• Task goal
Where the line containing "Wir gratulieren unserem" appears below, begin there and reproduce each line exactly through the last one, omitting pictures.

• Material supplied
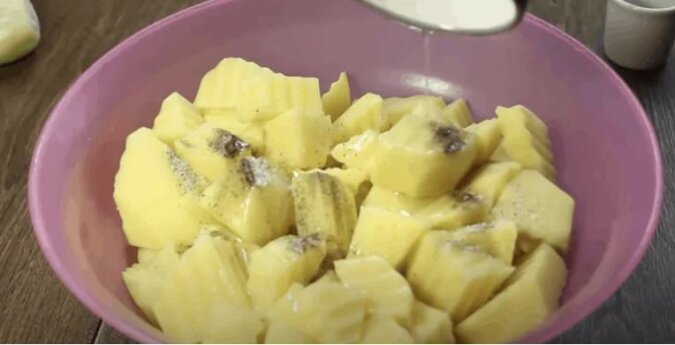Obierz ziemniaki i pokrój na małe kostki, dopraw ulubionymi przyprawami i 1 łyżką oleju.
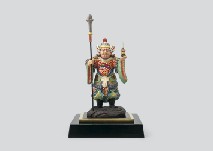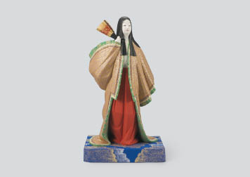 木彫に彩色 H56.3×W32.2×26.6cm 底部に刻銘 作品数ヶ所にコスレ、ヒビ、小さな剥落 共箱 共立札 ガラスケース付
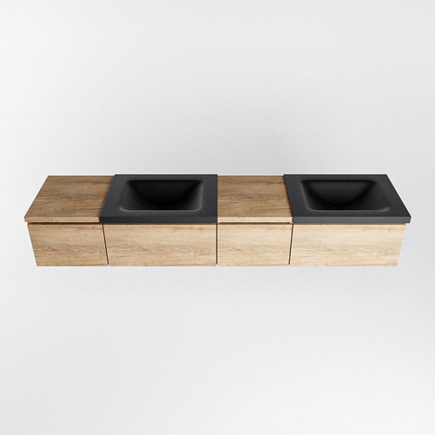 MONDIAZ BUKLA 200cm badmeubel met module 40 rechts kleur Washed Oak met 4 lades. Wastafel CLOUD dubbel 0 kraangaten kleur Urban.
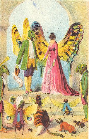 “Peace, little goose,” replied the Butterfly, tapping the Cricket on the nose with her fan, and hastening towards the Grasshopper, who was still enthralled and convulsed by the bloated old Spider.
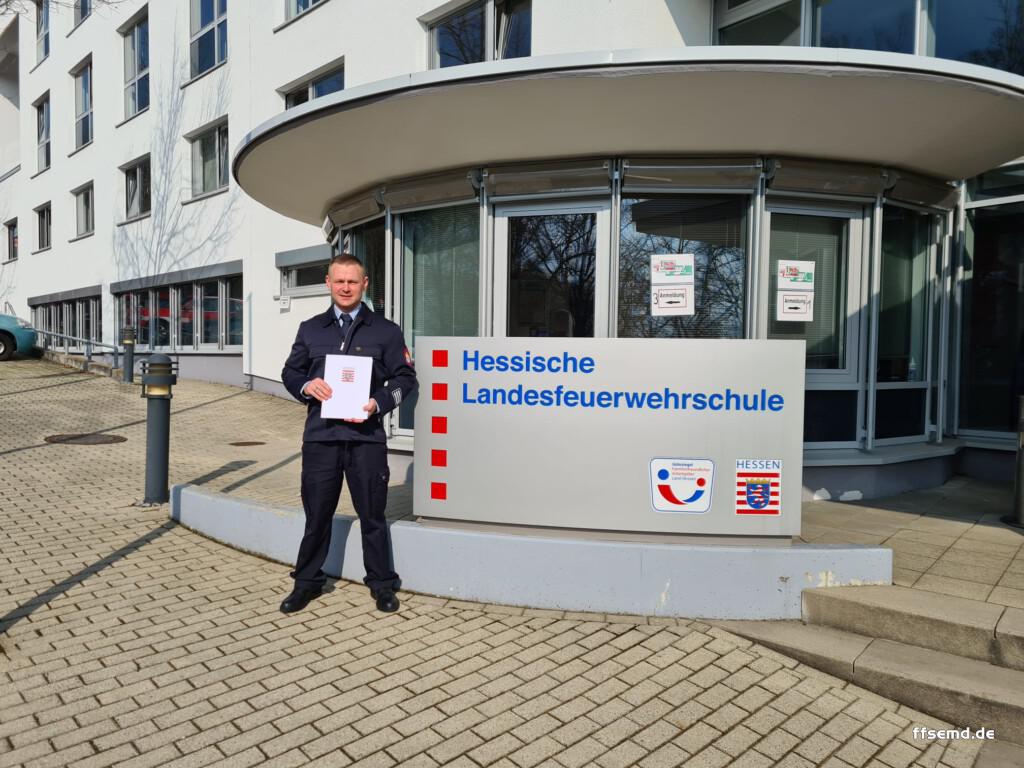 Wir gratulieren unserem Kameraden Christopher (1998 – 2002 Jugendfeuerwehr, seit 2002 Einsatzabteilung, inklusive mehrerer Jahre als Vorsitzender und stv. Vorsitzender des Vereins), der Ende März den Brandinspektorlehrgang für Berufsfeuerwehren (B-IV), mit Erfolg abgelegt hat! Damit tritt Christopher in den gehobenen Dienst der Berufsfeuerwehr ein. Im Einsatzdienst in Semd wird er ebenfalls nach wie vor Führungsfunktionen ausüben. Für die neuen Aufgaben wünschen wir ein glückliches Händchen.
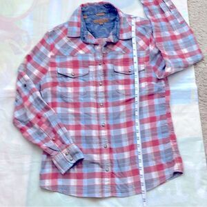 Jachs Girlfriend BEA Shirt SMALL Red Plaid Flannel Pearl Snap Button Cotton

• Output of the exercise
 Wir gratulieren unserem Kameraden Christopher (1998 – 2002 Jugendfeuerwehr, seit 2002 Einsatzabteilung, inklusive mehrerer Jahre als Vorsitzender und stv. Vorsitzender des Vereins), der Ende März den Brandinspektorlehrgang für Berufsfeuerwehren (B-IV), mit Erfolg abgelegt hat! Damit tritt Christopher in den gehobenen Dienst der Berufsfeuerwehr ein. Im Einsatzdienst in Semd wird er ebenfalls nach wie vor Führungsfunktionen ausüben. Für die neuen Aufgaben wünschen wir ein glückliches Händchen.
 Jachs Girlfriend BEA Shirt SMALL Red Plaid Flannel Pearl Snap Button Cotton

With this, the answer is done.